A favourable investment environment makes the UK a preferred residential investment market for India’s rising HNWIs and burgeoning middle class population. With no restrictions on Indians investing in UK residential property and strong house price growth, the market will continue to see the current investment size of £0.6 – £1.2 million grow exponentially over the next 10 years, according to the report.

UK residential property headlines have been grabbed by the purchases of Ultra HNWIs like Lakshmi Mittal who have bought a number of homes in the past couple of years. However, there has also been a growing tide of lower-profile purchases by Indians. The number of such Indians with the propensity to invest in the UK residential market is likely to increase to 583 million by 2025 coupled with another 400,000 HNWIs (four times the current base today) by 2017.

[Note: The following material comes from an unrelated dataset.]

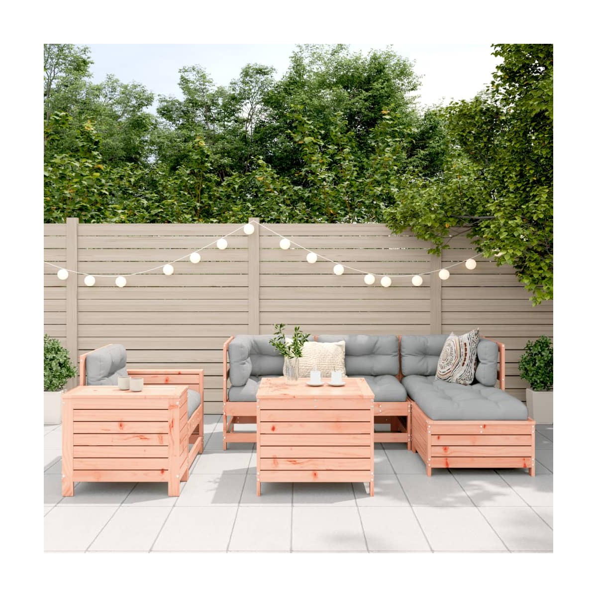 Este juego de sofás de jardín de madera, con un diseño de listones, será un gran complemento para el jardín, el patio o la terraza, para poder disfrutar de un rato agradable con la familia o los amigos. Material resistente y duradero: La madera de abeto Douglas es conocida por su resistencia y durabilidad. Su intenso color marrón rojizo y su veteado único transmiten un ambiente cálido y natural. Con una buena estabilidad y resistencia a la intemperie, es ideal para fabricar muebles de interior y exterior. Buena ventilación y prevención de encharcamientos: El diseño de rejilla favorece un flujo de aire óptimo y evita eficazmente la acumulación de agua, lo que garantiza un asiento seco y cómodo. Uso versátil: El taburete de jardín no solo se puede usar para sentarse o relajar los pies, sino que también se puede usar como mesa de centro para guardar bebidas, comida y otros adornos. Mesa práctica: La mesa de jardín te ofrece un lugar práctico para guardar tus objetos esenciales con facilidad. Diseño modular: Este conjunto de muebles de exterior tiene un diseño modular, por lo que es completamente flexible y fácil de mover, para que puedas crear una disposición de muebles de exterior personalizada. Información útil:Para asegurarte de que tus muebles de exterior se mantengan hermosos, recomendamos protegerlos con una funda impermeable.

In response to this growing appetite for UK property, The Berkeley Group, one of the most respected names in the UK property market, will be launching two of its most exciting developments at exhibitions in Mumbai and Delhi. Two of the principal divisions of The Berkeley Group, St George and St Edward Homes, will be showcasing Aquarius House in Vauxhall, South London, and Stanmore Place in Stanmore, North London in India in August.

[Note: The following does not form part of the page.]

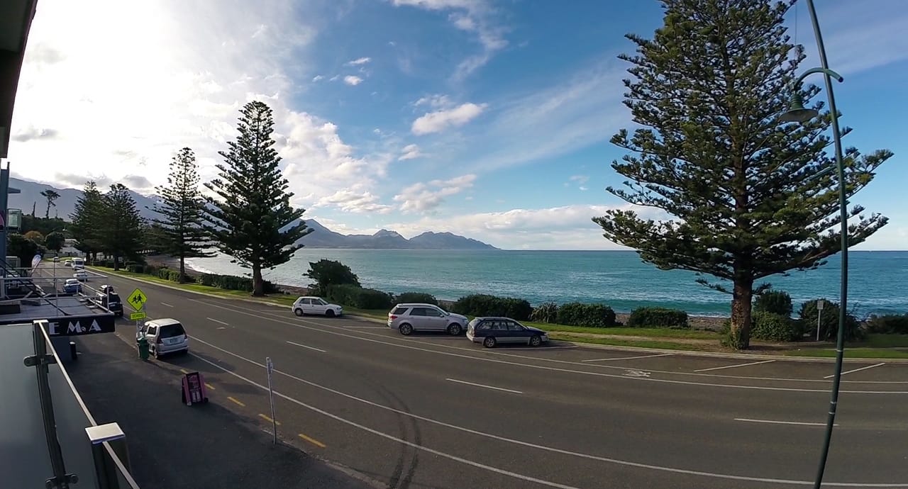 View from our hotel room in Kaikoura. Kaikoura is a famous marine wonderland, full of sperm whales, lobsters, albatross, dolphins, and fur seal reserves.

Of its international clients, Berkeley has found particularly success among Asian investors. Paul Vallone, Managing Director, Berkeley Homes (Urban Living) Ltd. said “As the Asian middle class grows, more of them are looking abroad for sound investment opportunities. Parents choose an apartment that they can pass on to their children when they go to university, while business travellers will often buy a ‘lock up and leave’ flat that they can use during regular trips to London. Indian investors are some of the most discerning buyers in the world and we believe that, because all of our projects are built in convenient and sought-after locations with the highest level of specification and security, they are ideally suited to such purchasers.”
The Berkeley Group has recently announced that two of its principal divisions, St George and St Edward Homes, will be travelling to India to launch two of its most exciting developments to date: Aquarius House in Vauxhall, South London, and Stanmore Place in Stanmore, North London. Using the specialised local knowledge of Homebay Residential – the residential arm of Jones Lang LaSalle Meghraj, these developments will be exhibited in both Mumbai and Delhi.
‘UK-India Cross-border Residential Investment’ continues to add that the combined growth in the Indian economy and the level of wealth creation to date, it is clear that the potential spend on UK residential property investment can be huge over the next ten years. It further says, “Specific predictions are difficult but broad assumptions give one some idea of the potential scale of investment. Currently, the proportion of any individual’s wealth invested in property is typically 20% of all assets. We can also make the assumption that the approximate proportion of wealth invested in the UK rather than elsewhere is 10%. By combining these numbers the following seem quite plausible over the next 10 years.”

Raminder Grover, Managing Director, Homebay Residential (a subsidiary of Jones Lang LaSalle Meghraj), said “UK-based developers are increasingly interested in attracting investors from India. They are targeting not only the high net individuals but also the upper middle segment. The UK represents a very amenable market for Indian investors - the British Pound is far more stable than the rupee, there is far greater transparency in the UK real estate market, UK tenants sign long leases of up to 25 years and their long-term income generation capacities are extremely stable, not to forget the London Olympics in 2012. These factors are of great importance to investors in such projects.”